This answer is still not quite complete, but I hope to finish it soon!

The smallest degrees of the faithful permutation representations of the finite simple groups have all been known for a while now. The most convenient reference is probably Table 4 of this paper, although none of the results are original to that paper. The results for the exceptional groups of Lie type were proved in a series of papers of A. V. Vasil'ev.

Anyway, this approach works for $E_7(q)$ (order about $q^{133}$, minimal permutation degree about $q^{27}$), $E_8(q)$ (order about $q^{248}$, minimal permutation degree about $q^{57}$, $^{2}E_6(q)$ (order about $q^{78}$, minimal permutation degree about $q^{21}$), and ${}^3D_4(q)$ (order about $q^{28}$, minimal permutation degree about $q^9$).

However, the approach fails for $G_2(q)$, which has order about $q^{14}$ and minimal permutation degree $(q^6-1)/(q-1)$, $^{2}G_2(q)$ (with $q$ an odd power of $3$), with order about $q^7$ and minimal permutation degree $q^3+1$, and $^{2}F_4(q)$ (with $q$ an odd power of $2$), order about $q^{26}$, minimal permutation degree about $q^{10}$.
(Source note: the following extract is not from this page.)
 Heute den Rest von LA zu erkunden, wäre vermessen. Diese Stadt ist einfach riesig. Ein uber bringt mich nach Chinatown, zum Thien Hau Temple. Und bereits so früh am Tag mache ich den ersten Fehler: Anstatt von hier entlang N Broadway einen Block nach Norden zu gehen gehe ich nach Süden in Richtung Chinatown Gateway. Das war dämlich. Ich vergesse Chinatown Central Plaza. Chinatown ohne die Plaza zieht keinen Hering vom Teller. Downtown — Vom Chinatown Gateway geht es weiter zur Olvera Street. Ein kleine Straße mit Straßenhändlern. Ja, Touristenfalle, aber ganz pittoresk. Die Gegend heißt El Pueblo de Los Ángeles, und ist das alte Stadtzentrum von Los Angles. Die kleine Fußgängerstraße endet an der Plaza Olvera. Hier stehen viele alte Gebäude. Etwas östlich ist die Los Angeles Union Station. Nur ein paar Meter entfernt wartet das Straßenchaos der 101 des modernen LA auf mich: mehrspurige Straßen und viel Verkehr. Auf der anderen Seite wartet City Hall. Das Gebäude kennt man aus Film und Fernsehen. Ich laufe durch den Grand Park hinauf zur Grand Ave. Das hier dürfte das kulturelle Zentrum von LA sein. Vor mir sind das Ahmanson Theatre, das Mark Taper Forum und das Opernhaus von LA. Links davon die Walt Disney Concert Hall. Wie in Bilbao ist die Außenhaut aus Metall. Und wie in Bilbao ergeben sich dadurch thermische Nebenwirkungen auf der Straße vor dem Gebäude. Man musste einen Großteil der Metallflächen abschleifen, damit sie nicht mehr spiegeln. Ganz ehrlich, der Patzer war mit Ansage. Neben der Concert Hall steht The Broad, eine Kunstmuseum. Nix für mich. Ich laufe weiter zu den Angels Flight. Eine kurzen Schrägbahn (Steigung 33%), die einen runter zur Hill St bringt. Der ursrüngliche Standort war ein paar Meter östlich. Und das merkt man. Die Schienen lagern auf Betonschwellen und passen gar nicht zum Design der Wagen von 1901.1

So I have been hunting around for results about minimal degrees of representations of $G_2(q)$,$^{2}G_2(q)$, and $^{2}F_4(q)$. For $G_2(q)$ I found them on Page 126 of G. Hiss, Zerlegungszahlen endlicher Gruppen vom Lie-Typ in nicht-definierender Charakteristik, Habilitationsschrift, Aachen 1990. For sufficiently large $q$, these are $q^4+q^2+1$, $q^3+1$, and $q^3-1$ when $q \equiv 0,1,-1 \bmod 3$, respectively. So this is less that $q^{1/3}$, and we are OK.
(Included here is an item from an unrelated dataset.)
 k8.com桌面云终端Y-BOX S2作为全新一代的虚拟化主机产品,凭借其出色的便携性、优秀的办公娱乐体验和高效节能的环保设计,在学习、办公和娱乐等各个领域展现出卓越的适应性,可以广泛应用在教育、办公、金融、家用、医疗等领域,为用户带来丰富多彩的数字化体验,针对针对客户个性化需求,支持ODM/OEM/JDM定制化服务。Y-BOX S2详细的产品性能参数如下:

For $^{2}G_2(q)$, the character tables are computed in this paper. The table is towards the end of the paper, and the smallest character degree is $q^2-q+1$, so again we are OK!

I still need to check $^{2}F_4(q)$.

Added later: i have now located a better reference for minimal degrees of characters of exceptional groups of Lie type, namely Lübeck, Frank, Smallest degrees of representations of exceptional groups of Lie type. Comm. Algebra 29 (2001), no. 5, 2147–2169, available here.

In particular, for sufficiently large $q$, the smallest character degree of ${}^2F_4(q^2)$ has degree $11$ in $q$, which is easily sufficient to prove the required result.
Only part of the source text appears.